■節子への挽歌1722:随流去
フランクルの話を書こうと思っていたのですが、昨日の挽歌を書いていて、「随流去」という言葉を思い出しました。
ちょうど、1週間前に、テレビの「こころの時代」で聞いた言葉です。
回りの流れに身を任せて、しかし思うがままに生きていくというのが、私の理想なのですが、そうしたことにつながっている言葉なので、心に残っていました。
随流去。
流れに従って去る、という言葉ですが、これは大梅禅師の言葉として伝えられています。
大梅禅師は、長い期間、山に篭って行をされていたことで有名な唐の時代の高僧です。
杖になる木を探しに山に入ったある修行僧が、路に迷ってしまいます。
そして、たまたまたどりついた大梅禅師の庵で、「山を抜け出るにはどちらに行ったらよいでしょうか」と訊いたところ、大梅禅師は「随流去」と応えたという話です。

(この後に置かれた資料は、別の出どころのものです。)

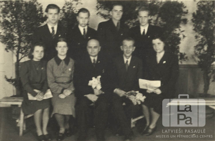 Jaunieši ar skolotājiem 4. klases izlaidumā Viestura ģimnāzijā Rēgensburgā (amerikāņu zonā). Priekšējā rinda sēž uz gara sola, aizmugurējā rinda stāv kājās. Fonā telpa ir izdekorēta ar augošiem kokiem podos. Pirmajā rindā, no kreisās: Ilga Upmane, Helga Muižniece, Vasilijs Balodis (direktors), R. Šillers (klases audzinātājs), Ingrīda Silvestra. Otrajā rindā, no kreisās: A. Ģipslis, A. Zutenis, J. Auniņš, Vilnis Ozols.

「流れに随って去(ゆ)きなさい」、大梅禅師は川に沿って行けば山を抜け出られることを教えてくれたのです。
川の水は低いほうに流れていきますから、その流れに沿って歩いていけば里に導かれるというわけです。
この言葉には、自分の判断ではなく、大きな真理に従って歩いて行けばいい、という意味が込められています。
真理は、川の流れのように、どんな状況にも揺らぐことなく、ぶれることなく低きに向かって流れていきます。
壁にぶつかっても、必ず進路を見つけ出していくのです。
これは、私が目指している生き方そのものです。
十分に出来ているとは思いませんが、私ができるだけ直感を大事にしているのは、生命には真理が宿っていると思っているからです。
もちろん、流れに随っていくことは、流れに流されることは違います。
心を安らかにして思いを発すれば、流れの本流が見えてくるものです。
なぜこんなことを書こうと思ったかといえば、最近、どうも大きな流れではない、小さな流れに惑わされがちだからです。
節子がいなくなったのも、大きな流れから見れば、きちんとした意味を持っているのでしょう。
右往左往してはいけない。
そのことを、節子は私に教えていってくれたはずです。
節子がいなくなった今も、大きな流れは滔々と流れているのです。
随流去。
流れに随うならば、最近の不安感は消えていくような気がしてきました。
節子の生き方を思い出さなければいけません。